I have been driving since I was seventeen. I can still remember taking the wheel on the way home after the test for a learning permit and three miles down the road getting pulled over by the Tennessee State Patrol for erratic driving. I didn’t get a ticket but an edification, he said with a smile, “Be careful, son.”

That’s fifty-nine years of driving experience. (I have to pause to regain my breath after seeing that number in print.)  I have clear memories of Mom and Dad’s cars having the type of turn signaling, which required lowering the driver’s window and extending an arm.

Recently I have tried to improve my performance by researching a bit of the history of the apparatus. Of the hits I got on the subject, I selected one by Jim Motavalli. He is the other brother of my favorite radio show on PBS, “Car Talk.” It was hosted by “Click and Clack the Tappet Brothers.”  Here’s the site to read the written article, https://www.cartalk.com/blogs/jim-motavalli/strange-true-history-turn-signal.

The picture accompanying this blog post is from that search. It is a prototype homemade by Oscar J. Simler and patented in 1929. You can visit the signaling cluster at the National Museum of American History. Not only did it signal turns, but it would also indicate when the vehicular was slowing and stopping.

The turn signal law in Tennessee is “2010 Tennessee Code Title 55- Motor and Other Vehicles Chapter 8 – Operation of Vehicles Rules of the Road 55-8-143 – Signals for turns.”  The law contains 346 words that are probably read once by every fifteen-year-old and then forgotten after passing the required test.

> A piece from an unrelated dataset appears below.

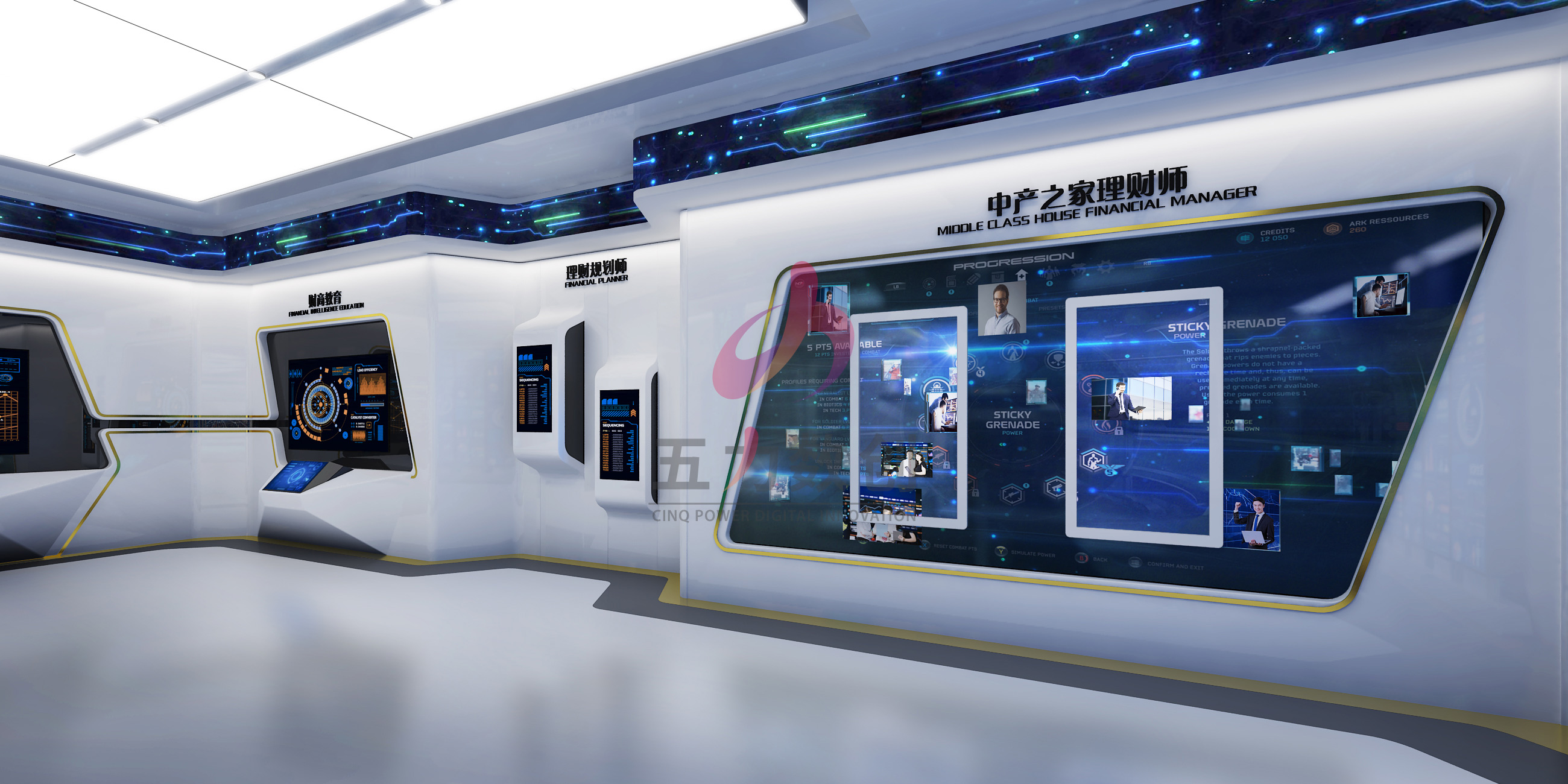 五力數創根據中產之家需求,為中產之家智能服務體驗中心打造富有科技感的數據展示空間,營造沉浸式體感互動的主題空間,綜合展示企業綜合實力。

There is a temptation to rehearse all the annoying misuse and neglected use of other drivers’ signaling their driving intentions. The problem is that I can’t think of a single flaw in other drivers that I don’t have myself.

Drew, our son, gave me an axiom correction I had never heard. The old axiom read, “Practice makes perfect.”  Actually, the maxim should be “Practice makes permanent.”  Right there is the source of my signaling problem; I have sixty years of flawed practice in using the turn signal. The flaw is extremely difficult to unlearn and replace by the proper signaling habits.

My struggle to master the use of the turn signal is indicative of every pursuit I have ever undertaken to become all God intended me to be. As my love for God increased, there came a corresponding aversion to those things in my life that pleases me or makes sense to me but disappoints or annoys God. I have learned that annoying God never ends well.

Here is my problem, my practicing of a flawed Christianity has made my Christianity functionally defective. Because I have an imperfect understanding of God and His ways, I have a personally modified practice of what I believe about God rather than what God has revealed of Himself. Over the years, I have set under flawed teaching of the Bible, or at best, I had flawed hearing resulting in beliefs that put me at odds with the expectations of my Creator. As a result, I end up believing what I practice rather than practicing what I believe.

I say, “Jesus Christ is Lord of my life.” But unfortunately, the shameful reality is that I reduced him to be more of my invisible “executive assistant.”

I don’t like this about how I live my life, but my life is what I have “practiced.” Here is where I encounter the wonder of the mercy, compassion, and grace of God. Slowly, those three workings of God in my life are bringing about the transformation He promised, and for which I long. That transformation is His promise and purpose and is my chosen desire.